Si les contenus proposés sont différents, les concepts sont similaires, car les femmes font face à des difficultés identiques. Nous ne mettons pas seulement à disposition des éléments techniques ou une boîte à outils, nous travaillons aussi sur le développement personnel des femmes, pour qu’elles se sentent légitimes et qu’elles prennent confiance en elles. L’approche d’Empow’Her mixe donc méthodologie et empowerment. Il n’est pas question pour nous non plus d’imposer quoi que ce soit. Nous portons une attention particulière au fait que les femmes suivent volontairement nos programmes et y participent pleinement. C’est pourquoi nous demandons une contribution financière qui assure un fort taux d’engagement des participantes. De même, l’association laisse une complète liberté aux femmes sur leur choix entrepreneurial, leur domaine d’activité…

 

Vous avez développé un programme en partenariat avec la Fondation Société Générale en Côte-d’Ivoire. Pouvez-vous nous le présenter ?

 

Empow’Her est présent en Côte-d’Ivoire depuis deux ans. Nous avons en premier lieu établi un diagnostic de l’entrepreneuriat dans le pays. Premier constat : il s’avère qu’un fossé existe entre Abidjan, capitale économique, et le reste du pays. Deuxièmement, la Côte-d’Ivoire compte plus de femmes entrepreneures que d’hommes entrepreneurs, c’est le seul pays au monde qui a cette spécificité. Pour autant, il n’est reconnu que 10 % d’entrepreneuriat féminin, car une majorité de femmes exerce de manière informelle. Ce public est plus vulnérable, isolé, avec un moindre accompagnement. Notre enjeu est de proposer des services qualitatifs, accessibles dans tout le pays, notamment dans les régions rurales. Nous avons donc lancé le programme SPARK avec la Fondation Société Générale, pour encourager les femmes à entreprendre, essentiellement dans les zones géographiques isolées. La première promotion a concerné Soubré, au sud-ouest du pays. Une deuxième promotion est prévue à Abidjan et une troisième à Bouaké. Nous associons au programme les collaborateurs Société Générale de la filiale ivoirienne. Ils apportent une plus-value en partageant leur expertise et leur expérience. Plusieurs séminaires sont prévus dans les prochains mois pour une trentaine de femmes.

 

Comment envisagez-vous le développement d’Empow’Her ?

 

Nous voulons accompagner 5 000 femmes cette année, soit trois fois plus qu’en 2018. Nous pouvons atteindre cet objectif en sensibilisant des femmes éloignées des dispositifs traditionnels d’accompagnement, en zone rurale ou dans les quartiers prioritaires principalement. Nous souhaitons aussi organiser un réseau de formateurs, qui deviendront des personnes-relais et enfin imaginer un dispositif exportable dans les pays qui veulent répliquer le savoir-faire et l’expertise de l’association.

 

Est-il, selon vous, plus facile de parler d’égalité dans le monde de l’entrepreneuriat aujourd’hui ?

 

Je suis heureuse de voir un intérêt grandissant pour le sujet. Aujourd’hui, peu de fondations sont dédiées aux droits des femmes mais agissent sur ce thème via des sujets transversaux comme l’environnement, l’impact social… Pour faciliter l’égalité des chances entre tous, il est nécessaire de prendre en compte l’égalité entre les femmes et les hommes.

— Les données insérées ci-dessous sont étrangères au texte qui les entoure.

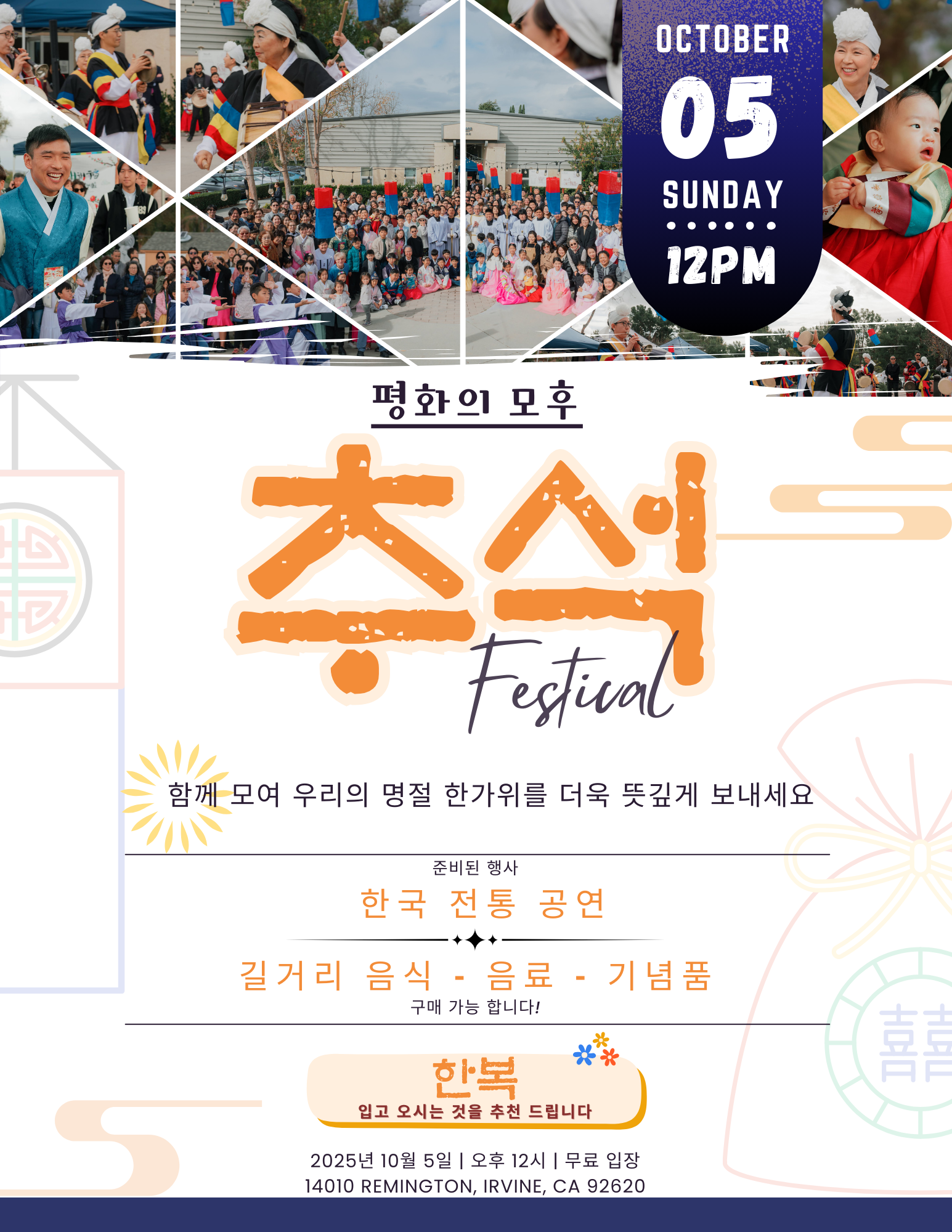 Come celebrate Korean Thanksgiving with us! Masses: 9:00 AM & 11:00 AM (Bazaar begins after the 9:00 AM Mass), Food and beverage sales by SFCs/Ministries, Legion of Mary items for sale, Performances (12:30 PM)- Taekwondo, Samulnori (traditional percussion), Fan Dance
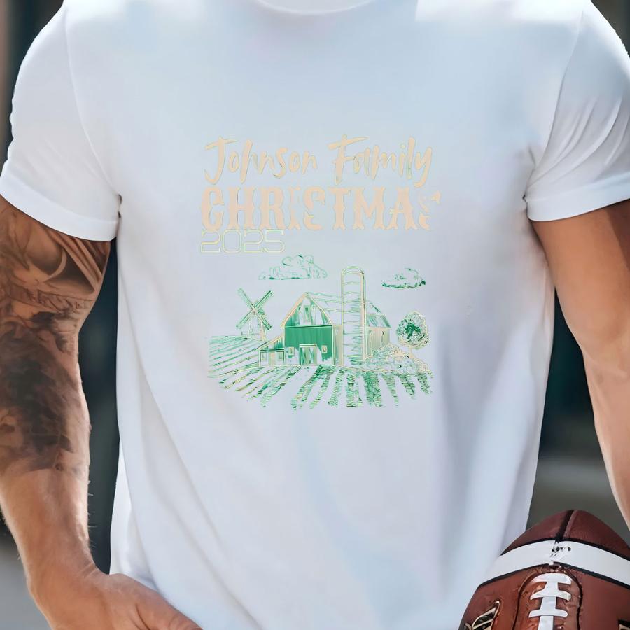 Custom Matching Farm Family Christmas Shirts For 2025: Personalized Ranch Christmas Crew Shirts With Barn Scene For Family Holiday Party T-shirt
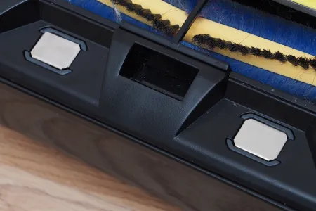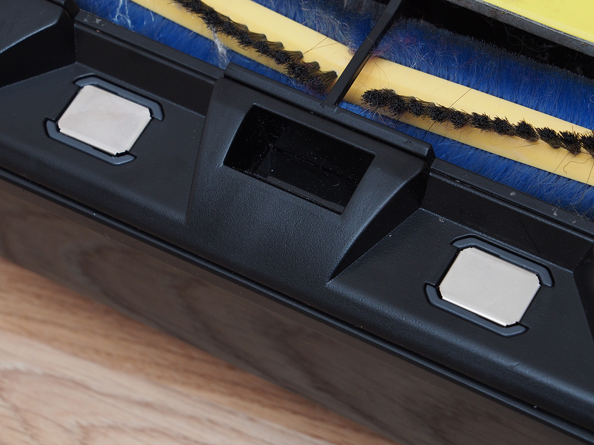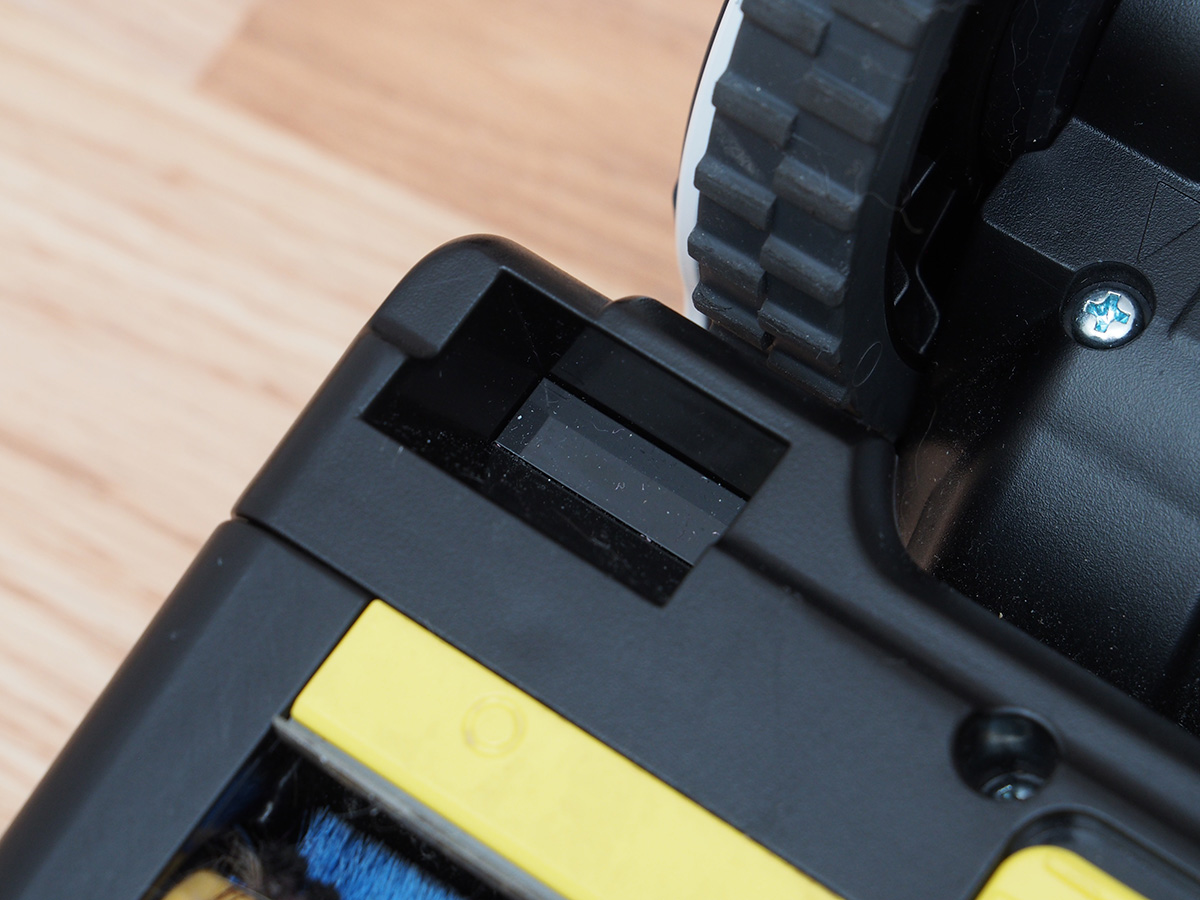 A lépcsőn való leesést meggátoló mélységérzékelő szenzorok a kefe előtt középre és a kefe mögött két szélre kerültek. A középső szenzor két oldalán lévő krómozott lapok a dokkolóval való kapcsolatot biztosító érintkezők.
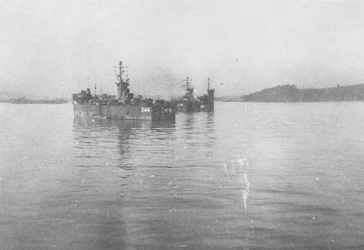 54k | Left to right, USS LSM-344, USS LSM-476, and USS LSM-80 at Sasebo, Kyushu, Japan, 22-24 September 1945. | Hugh L. Hudson, Jr., RM/2c, LSM-467, collection, photo number 080 | |
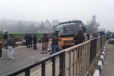 ਖਰੜ 'ਚ 2 ਸਕੂਲੀ ਬੱਸਾਂ ਦੀ ਆਪਸ 'ਚ ਟੱਕਰ, ਸੰਘਣੀ ਧੁੰਦ ਕਾਰਨ ਵਾਪਰਿਆ ਹਾਦਸਾ
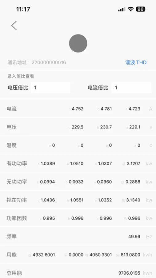 测控终端的实时数据、历史用能、电压电流谐波畸变、报警事件等参变量;
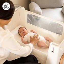 La minicuna colecho Hera está especialmente diseñada para proporcionar un sueño nocturno seguro, protegido y cómodo para ambos. El panel desplegable permite máxima visibilidad y facilidad de acceso a tu bebé.
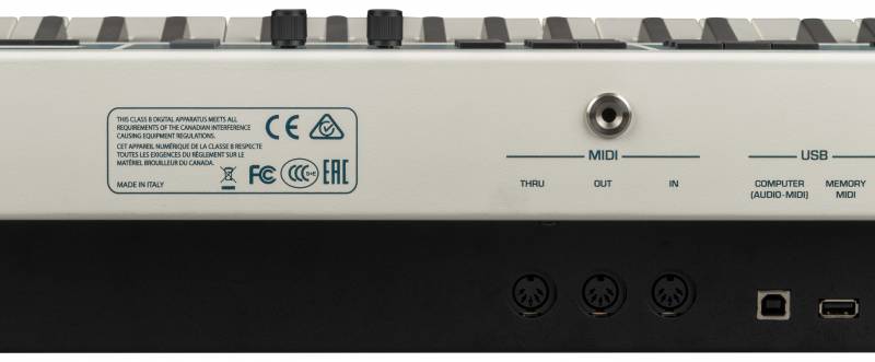 AUX IN: 1 jack (stereo mini-jack)BluetoothStreaming Audio Input, MIDI BLE 4.2DisplayGraphic LCD 128 x 64 dots Organic LED, high contrast typePower ConsumptionSTAND BY: < 0,2 W MAXIMUM: 18 W "ErP" LEVEL VI for Echo efficiency on stand-by consumptionDimensionsWidth 1077 mm - 42,4" Depth 370 mm - 14,5" Height 136 mm - 5,3"Weight11,8 Kg - 26 lbAccessoriesDamper Pedal included -
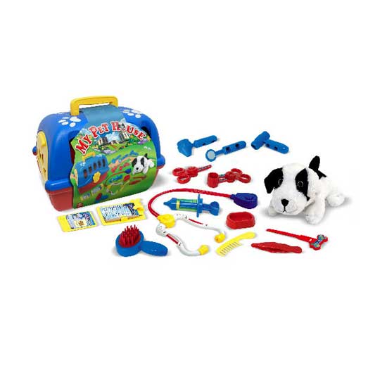 Displayed is a toy pet house that comes with a toy puppy. The accessories include combs, a syringe, a water bowl, etc. This fun toy pet house can give your child the experience of having a pet.
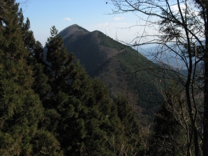 ときおり樹間から東御荷鉾山が見えた。

Je vois aussi de nombreux débats en France sur l’absence des femmes dans l’entrepreneuriat. Empow’Her veut s’affranchir du discours dominant qui propose aux femmes de s’adapter à la culture masculine du secteur. Comment prendre en compte la diversité des profils ? Cela est un enjeu pour les femmes, comme pour toutes les minorités. L’écosystème doit encore évoluer.